# Milwaukee Bucks 2014-15 Preview



## Boomshakalaka (Mar 24, 2011)

I have recently rejoined the CelticsBlog family and I'll be doing their previews for all 30 NBA teams in their annual SBNation team preview project. Each article includes a breakdown of last season, a recap of the team’s summer, a full depth chart, keys to this season and predicted standings.

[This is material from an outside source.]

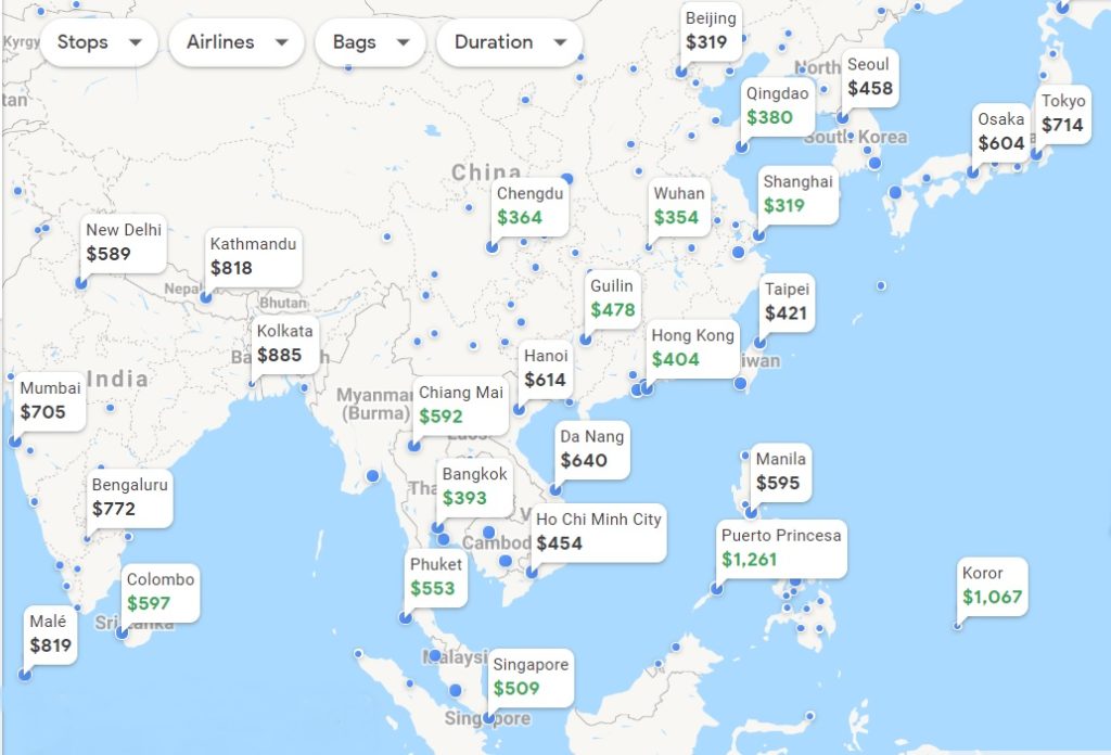 One great thing about the fares you’ll find on Google Flights to Asia: they are all main economy and thus include seat selection and checked bags! No carrier I have found offers basic economy to Asia; every fare includes seat choice, meals (and alcohol if you desire) and usually 2 checked bags. The same can be said for flights to Africa and Australia as well. South American fares generally offer the same, though 1 checked bag is offered on Interjet, and low cost carriers do operate basic economy to South America.

This morning I took a look at your beloved Milwaukee Bucks. Here's a snippet:



> *X-FACTOR - Development of Youth*
> Let's be real. The Milwaukee Bucks may not lose as many as 67 games this season, but they're certainly not going to be competing for a spot in the postseason. This year is about the impact of Jabari Parker, the progression of Giannis Antentokounmpo, a possible resurrection to O.J. Mayo's career, an increased role for John Henson, evaluating Jason Kidd's coaching methods and a chance to see what Larry Sanders is made of at full health.
> 
> Milwaukee is likely multiple years away from making any kind of noise. However, if they can buy into what Jason Kidd is preaching and feel comfortable about the development of their young core, the season will be looked at as a success.
> ...


*FULL ARTICLE --- MILWAUKEE BUCKS 2014-15 PREVIEW - CELTICSBLOG.COM*

What do you expect from the Bucks this season? What are you most looking forward to?


----------



## Fergus (Oct 2, 2002)

Jabari Parker is looking like one of the most NBA ready players in the draft. I really like his game.


----------